Since then, the paper has fought to prove its editorial independence, trying to demonstrate that it is neither a "Moonie paper" nor a booster of the political right but rather a fair and balanced reporter of the news.

"A newspaper is a hell of a place to hide an agenda," Pruden said in an interview earlier this week. "We're conservative on the editorial page and in story selection, but we do not strive to write conservative stories."

The paper is something of a journalistic curiosity -- a money-losing, church-subsidized newspaper with an editorial policy of "puncturing politically correct pomposity," said Pruden. The Times eschews what Pruden calls "victim stories," which he defines as articles about "people who were mistreated or think they were mistreated." His advice to them: "Get a life," which could well be the paper's motto.

The Times has never climbed out of the red or earned substantial income from advertising; it is supported by a subsidy from its owner, News World Communications, a private company wholly owned by Moon's Unification Church.

The paper's finances, as well as those of Moon's worldwide businesses, have been difficult to pin down. Moon owns land in South America as well as several papers in Latin America. The businesses run the gamut from commercial fisheries to Atlantic Video -- a Massachusetts Avenue video post-production facility -- to a cable channel called the GoodLife TV Network, which airs family fare, such as "Highway to Heaven."

The office of News World President Douglas D.M. Joo did not return phone calls for this article. But interviews with several former and current Times staffers have helped to piece together a look at the paper's finances.

In its first year, the paper spent about $100 million to renovate the building that serves as its headquarters on New York Avenue, said James Whelan, the paper's founding editor, who quit after two years, saying the Unification Church wanted to take editorial control of the paper.

The paper's operating expenses for that year were about $40 million, with revenue of about $20 million from sales of the paper, advertising and commercial printing, he said. In 1983, expenses stayed at about $40 million, with revenue in the $25 million to $30 million range, Whelan said.

"Advertising then as now was a very, very small share of our income," said Whelan, 68. Whelan oversaw an editorial staff of about 300, which is now down to about 225. The Times once had eight staffed foreign bureaus; now it has none, relying on "super-stringers" to cover overseas news. The paper maintains three national bureaus.

By the mid-'80s -- as the paper was launching ambitious projects, such as its national weekly edition; its weekly newsmagazine, Insight; and its monthly scholarly journal, The World & I -- the Times' yearly subsidy had risen to about $50 million, said a former Times executive. Insight launched with a yearly subsidy of about $40 million, which has now shrunk to about $4 million, the former executive said. By the early '90s, the Times' subsidy was down to about $32 million.
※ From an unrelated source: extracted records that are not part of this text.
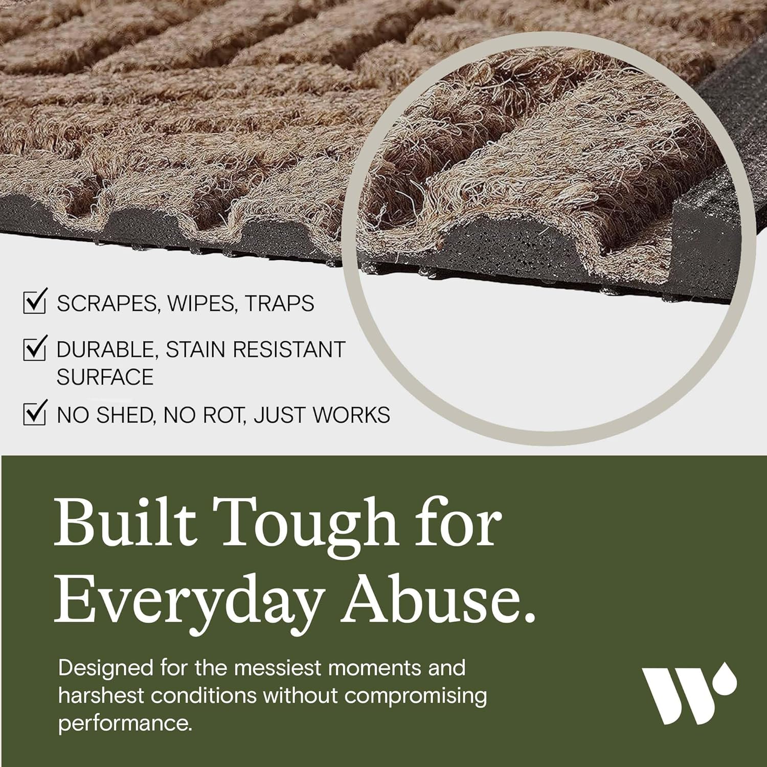 - EASY CARE AND MAINTENANCE: This heavy-duty entry mat requires minimal upkeep—just shake, vacuum, or scrub off debris, rinse with a hose, and let it air dry. Built to endure, its durable design makes it a long-lasting, all-weather door mat for your home.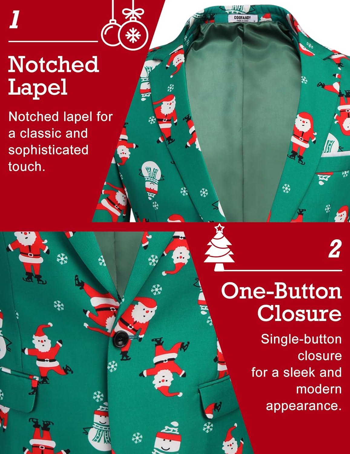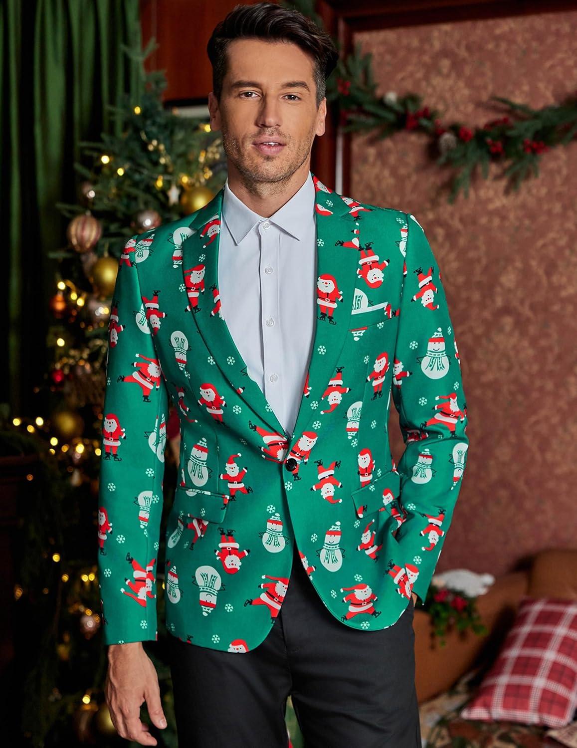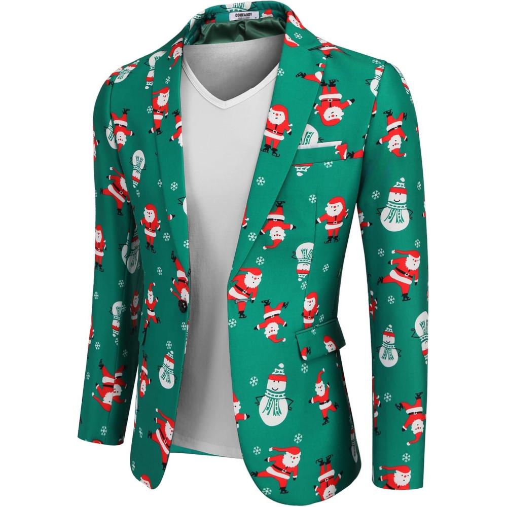 imageCOOFANDY Mens Halloween Blazer Jacket One Button Christmas Sport Coat Halloween Party Holiday JacketChristmas Blazer  Skating Santa Claus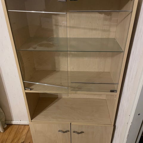 Ns. uusvanhan tyylinen lipasto, jossa kaksi pientä laatikkoa ja hyllytilaa lasiovien takana.
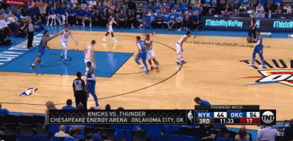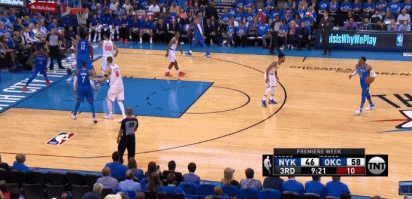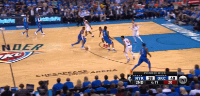 在Donovan的安排當中,球隊當下的協作方式顯得很簡單,威少弧頂持球,George和Anthony強弱側一邊一個,Adams上提給威少作掩護,Roberson則伺機尋找空切反跑的機會。至於怎麼終結?多由威少決定,且有大量的「一次傳球終結進攻」,就像下圖這樣:

As of this year, Moon and his businesses have plowed about $1.7 billion into subsidizing the Times, say current and former employees.

The Times will not disclose its current subsidy or the percentage of its revenue generated by advertising except to say that the subsidy has been decreasing over the past eight years, with a slight bump up last year, said Richard H. Amberg Jr., the paper's vice president and general manager.

Typically, newspapers fill about 60 percent of their pages with advertising. The Times averages between 30 percent and 40 percent, Amberg said. Further, because the Times' circulation is about one-eighth that of The Post's, its ads cost about one-eighth as much.

A 2001 survey conducted for The Post by Alexandria's QS&A Research and Strategy, polling government "decision-makers" such as congressional staffers and presidential appointees, found that 85 percent of those polled read The Post at least three out of every four days. Eighteen percent read the Times. Six years earlier the same survey had the Times' readership among decision-makers at 35 percent, with The Post's at 91 percent.

Despite what some might see as the Times' waning influence, Amberg said he has received three offers over the past three years from potential buyers. He would not identify them other than to say one was a newspaper chain, another a small paper chain and the third "a very wealthy individual."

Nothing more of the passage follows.